*** Opening DATA PROVIDED ***
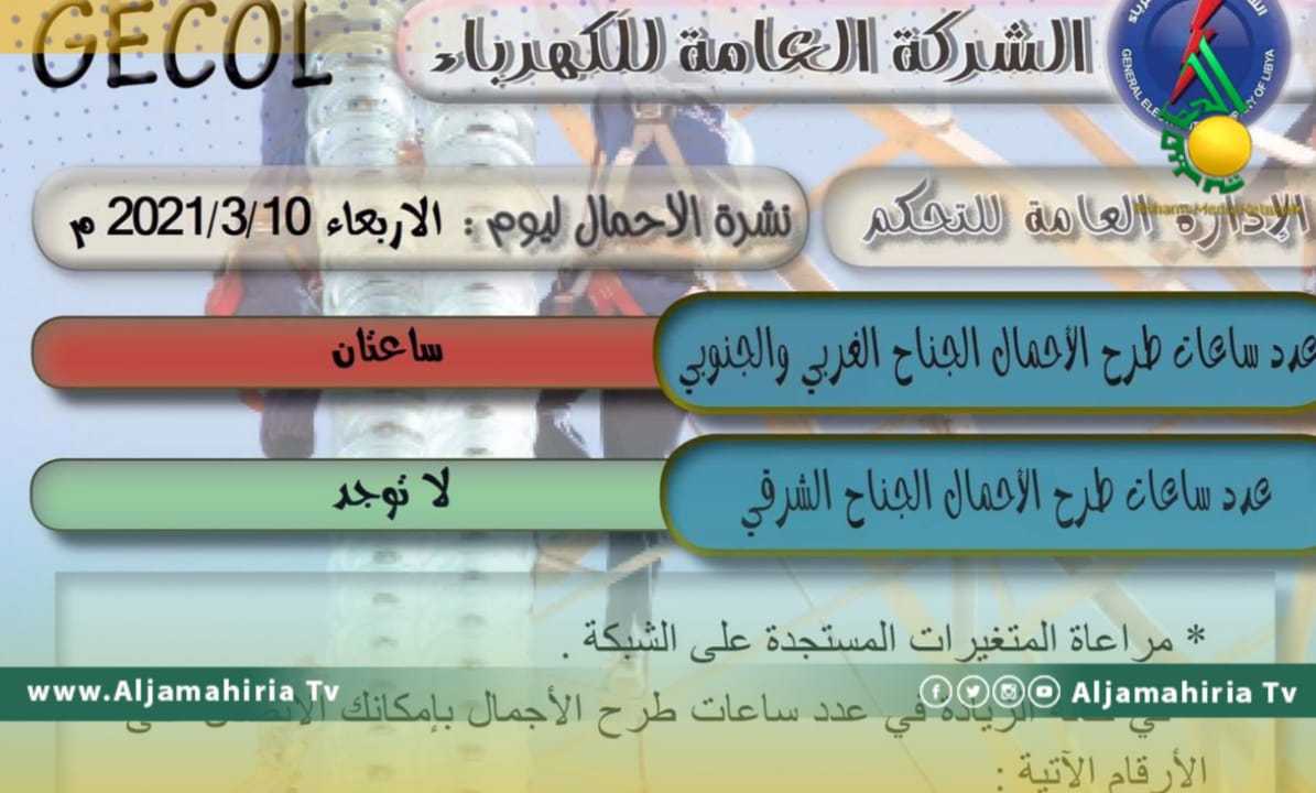 ولن تُطرح أي أحمال، الأربعاء، في الجناح الشرقي، حسب النشرة اليومية لطرح الأحمال، المنشورة على صفحة شركة الكهرباء بموقع «فيسبوك».
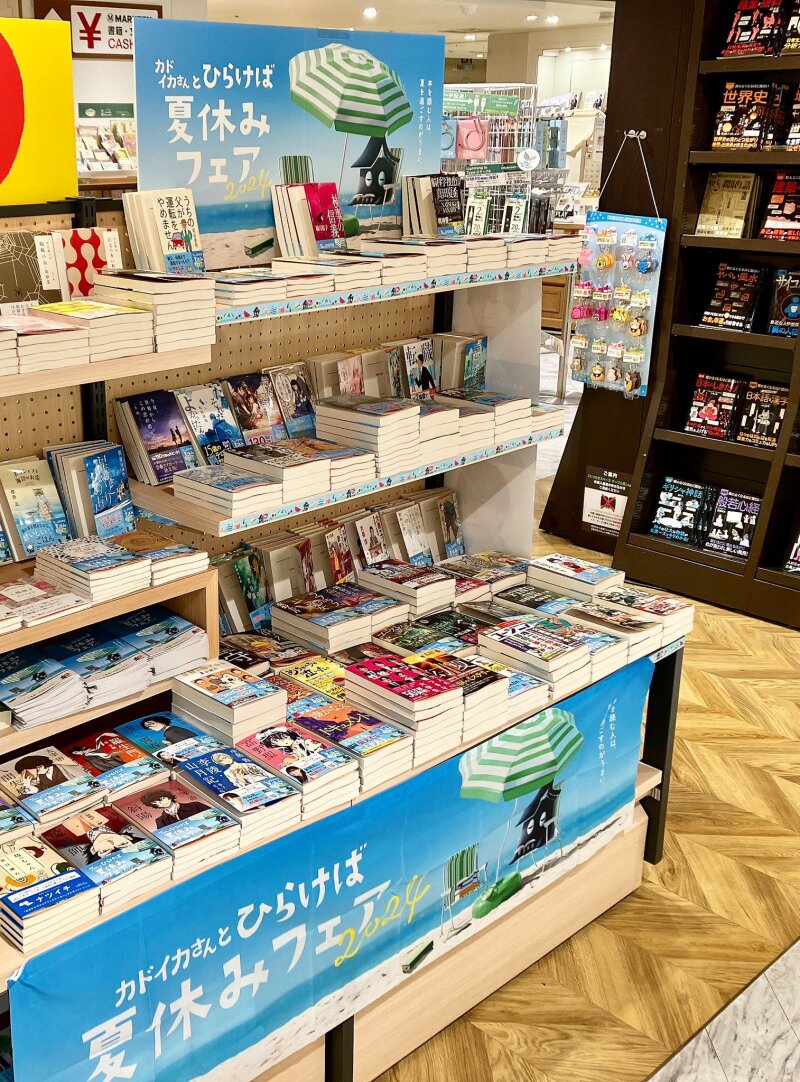 毎年恒例の夏の文庫フェアが揃いました!新潮社「新潮文庫の100冊」は対象商品1冊につき1枚「ステンドグラスしおり(全6種)」をプレゼント。新潮文庫のイメージキャラクター・キュンタくんのパネルが皆さんをお待ちしています。集英社「ナツイチ」は集英社文庫のキャラクター「よまにゃ」の「クリップブックマーカー(全4種)」 を対象商品1冊につき1点、レジにてプレゼント。万城目学さんの『偉大なる、しゅららぼん』はNoritakeさんのイラストの限定カバーです。KADOKAWAの夏のフェアの今年のテーマは「カドイカさんとひらけば夏休み」こちらは、大人気マスキングテープ「mt」とコラボレーションしたブックカバーや、KISHOWさん×角川文庫の初コラボ、8年目突入の文ストコラボカバーなど企画がもりだくさんです。
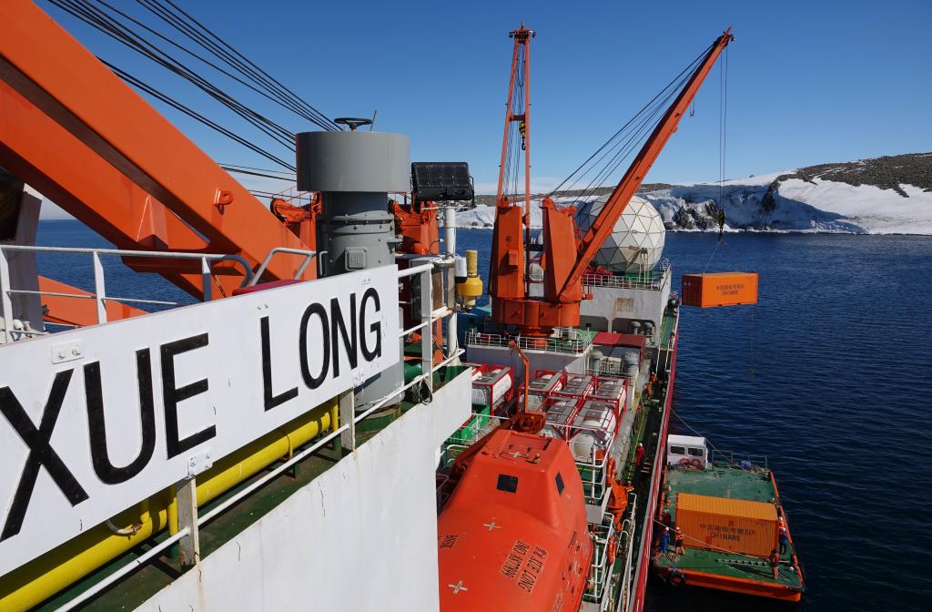 【新華社雪竜1月4日】中国の第42次南極観測を担う極地調査砕氷船「雪竜」が2025年12月29日、南極の秦嶺基地沖の海域に到着し、物資の荷揚げ作業を開始した。搬入物資の重量は約1400トンで、秦嶺基地の後方支援物資、建設資材、研究資材、燃料などが含まれ、バージ船を使って基地へと運ばれた。
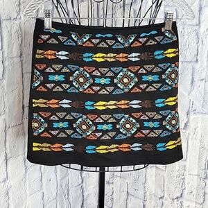 LIGALI Embroidered Southwestern Print Mini Skirt Small
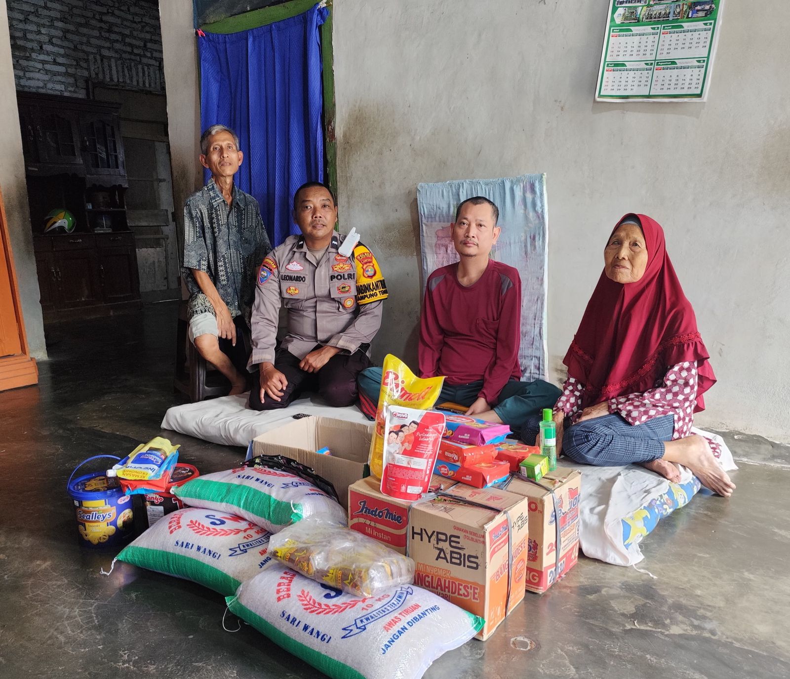 Hari ini, Rabu (9/7/25) dengan mengendarai mobil pribadi miliknya, yang sudah dimodifikasi menjadi mobil ambulance untuk membantu masyarakat sekitar, Aipda Leonardo menyalurkan bantuan sosial berupa beras, paket sembako, dan sejumlah uang tunai kepada nenek Sukinem (80), warga Kampung Cimarias, Kecamatan Bangunrejo, yang saat ini mengalami kondisi memprihatinkan.
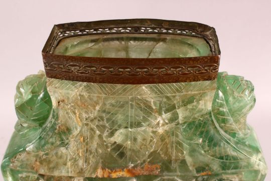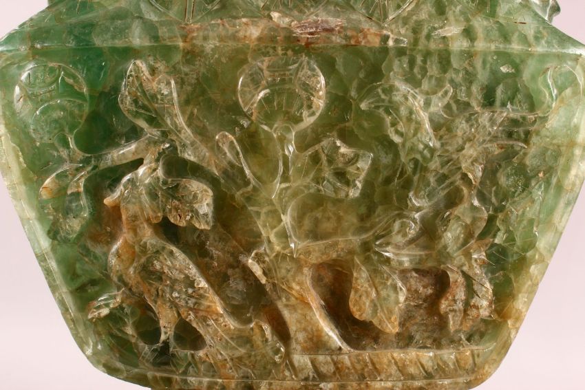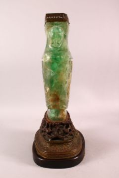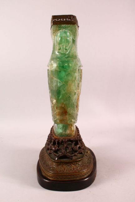 A LARGE AND IMPRESSIVE CHINESE CARVED GREEN QUARTZ VASE / LAMP, on a carved hardwood peach formed stand with metal mounts, the body carved with phoenix and branches, 48cm high x 30cm
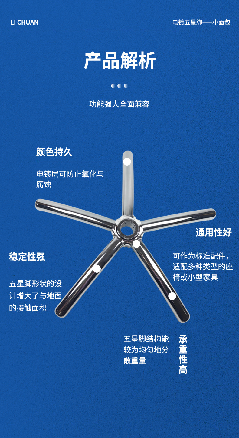 재고 사무실 의자 회전 의자 액세서리 전기 도금 작은 빵 5 성급 발 사무실 의자 5 발 발 전자 스포츠 의자 베이스 발 스탠드
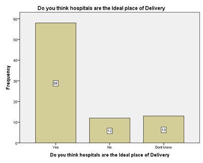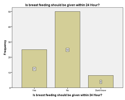 The participants were asked if pregnant women need extra nutrition, majority n=62 (74.7%) replied that yes they need, n=8 (9.6%) Responded know that they don’t need and n=13 (1.7%) said that they don’t know about the nutritional requirement in pregnancy Figure 11. When a question was asked if the hospital are the ideal place for delivery. The results are presented in above graph which shows that n=58 (69.9%) responded Yes, n=12 (14.5%) Responded with no and n=13 (15.7%) said that they don’t know Figure 12. The above graph reveals that n=25 (30.1%) participants believe that breast feeding should be started in first 24 hours, n=50 (60.2%) said that no it should be started after 24 hours while n=8 (9.6%) said that they don’t know about it.
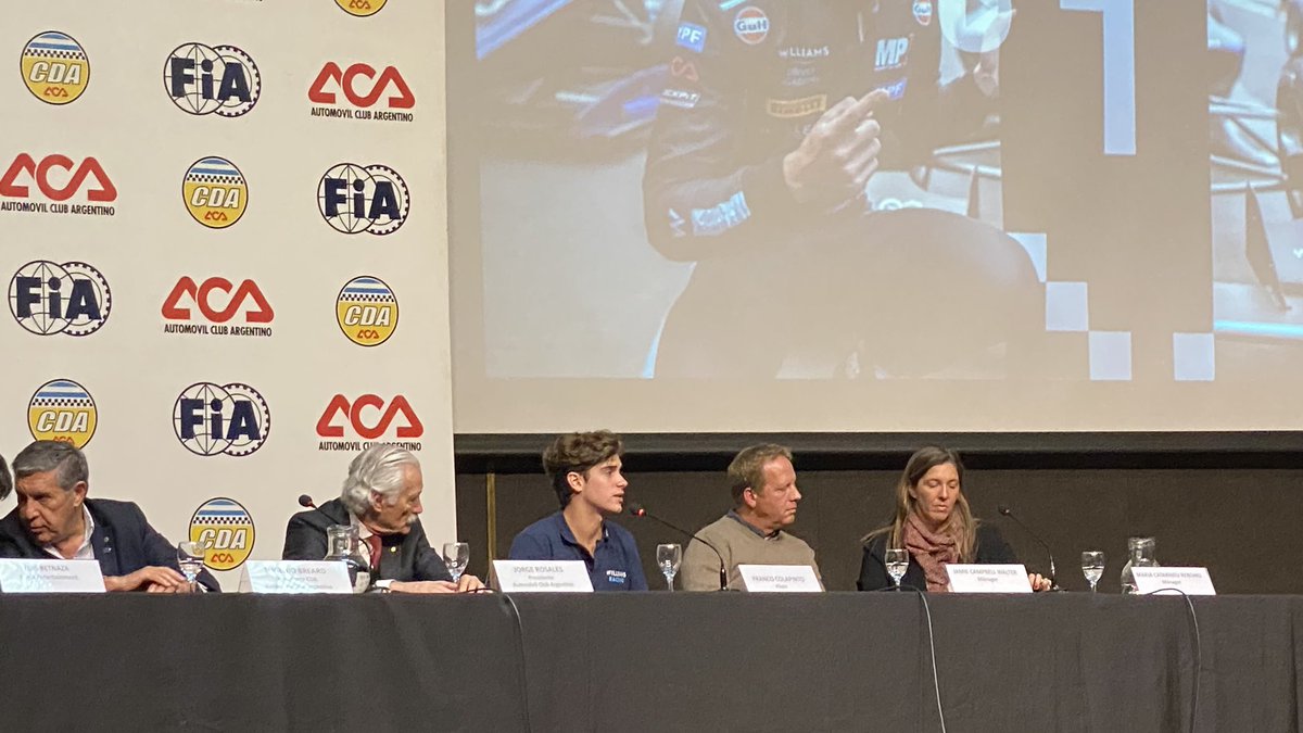 "Esto era una conferencia de prensa, pero en los últimos días se transformó en un anuncio de lo que va a seguir, lo que a venir, de cuál será el próximo paso. La realidad, es que no puedo contar mucho. Pero hay un par de cosas para contar, salieron al final muchas reuniones, fue una semana muy productiva. Con María y Jamie, tuvimos muchas reuniones en empresas y esas empresas. Ayer se confirmó la continuidad de 'Visit Argentina' para el año que viene. Quieren ayudar en la F2, quieren que yo suba y quieren aportar su parte de apoyo, como lo hicieron este año, para que pueda subir el escalón de la próxima categoría. Al igual que YPF, que también anunció su continuidad con nosotros, también quiere apoyarme para que suba a F2. La realidad es que el presupuesto es muy alto, es mucho más alto que en F3, son autos nuevos el año que viene, son mucho más caros, los equipos necesitan más dinero para desarrollar los autos. Y es un tema difícil que esperamos que se resuelva, yo confío mucho. Tengo un nuevo sponsor, Globant. El anuncio de Williams, se va a dar cuando esté confirmado en qué voy a correr el año que viene, una vez que confirmemos eso, Williams continuaría conmigo un año más. Y el anuncio más importante es que voy -probablemente- a hacer la carrera de F2 de Abu Dabi, la última carrera de la temporada (de 2023). No se sabe con cuál equipo, pero se sabe que hay algunos asientos que están libres. Y mis sponsors quieren que la haga, esa es una parte de su apoyo, también. Les interesa mucho que haga la última carrera. Y, si se da eso, sería algo muy importante para el futuro. Ganar esa experiencia de haber corrido una vez, antes de debutar en lo que sea y tener de una carrera con 'pit stops' y demás. Así que estamos terminando de buscar el presupuesto, no se puede anunciar nada porque todavía falta un poco. La realidad, es que estamos mucho mejor que el año pasado, a esta altura no estaba tan contento y este año verán que estamos todos más positivos, porque las reuniones fueron muy y bien y que viene todo muy bien proyectado, aunque no haya ningún anuncio para el 2024. Pero, en cuanto se sepa, se enterarán todos".
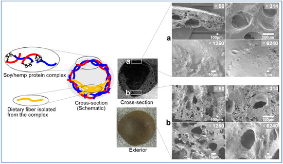 The outer shell is made of the mixture of soy/hemp proteins which are linked with intermolecular disulfide bonds. Dietary fiber, isolated from the protein complex, is located in the bottom of the ball. Thus, the ball has a low center of gravity and behaves like a “roly-poly” wiggle ball. In this case, hemp protein, rich in free SHs [63,66], is considered to work as a SHs donor, as egg white protein worked as a donor of free SHs in the bread made of egg white/soy protein isolate [73]. Electron microscopic observation of the protein-rich outer shell (Figure 3a) and fiber-rich inner bottom part (Figure 3b) reveals distinct structures. The former has a dense structure while the latter has a reticulated structure with small void spaces. Contribution of the unique structure to the ball’s texture is being investigated by sensory evaluation in our lab. Conclusively, application of hemp protein on food processing will broaden the variation of the food products.
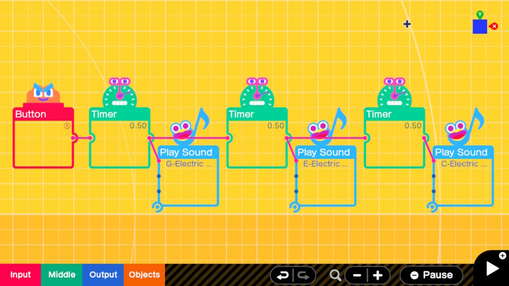 The sounds are started by the X Button. The left most timer is triggered by the X button and .5 seconds later sounds a note and also triggers the next timer. This continues till all 3 notes are played. If you wanted this to loop endlessly you could have the last timer trigger the first timer. The key for the timers is to set the ‘Output After How many Seconds’ for the pauses between Notes including the time the previous Note Plays. The setting ‘Continue Output for How Long’ is the amount of time you want the Note to play. You can use sub second times such as the half second (0.5) I use in this example.
*** Closing DATA PROVIDED ***
Return only the lines running from the start of the entries above to the line that contains "LIGALI Embroidered Southwestern", inclusive, and omit every picture.

 ولن تُطرح أي أحمال، الأربعاء، في الجناح الشرقي، حسب النشرة اليومية لطرح الأحمال، المنشورة على صفحة شركة الكهرباء بموقع «فيسبوك».
 毎年恒例の夏の文庫フェアが揃いました!新潮社「新潮文庫の100冊」は対象商品1冊につき1枚「ステンドグラスしおり(全6種)」をプレゼント。新潮文庫のイメージキャラクター・キュンタくんのパネルが皆さんをお待ちしています。集英社「ナツイチ」は集英社文庫のキャラクター「よまにゃ」の「クリップブックマーカー(全4種)」 を対象商品1冊につき1点、レジにてプレゼント。万城目学さんの『偉大なる、しゅららぼん』はNoritakeさんのイラストの限定カバーです。KADOKAWAの夏のフェアの今年のテーマは「カドイカさんとひらけば夏休み」こちらは、大人気マスキングテープ「mt」とコラボレーションしたブックカバーや、KISHOWさん×角川文庫の初コラボ、8年目突入の文ストコラボカバーなど企画がもりだくさんです。
 【新華社雪竜1月4日】中国の第42次南極観測を担う極地調査砕氷船「雪竜」が2025年12月29日、南極の秦嶺基地沖の海域に到着し、物資の荷揚げ作業を開始した。搬入物資の重量は約1400トンで、秦嶺基地の後方支援物資、建設資材、研究資材、燃料などが含まれ、バージ船を使って基地へと運ばれた。
 LIGALI Embroidered Southwestern Print Mini Skirt Small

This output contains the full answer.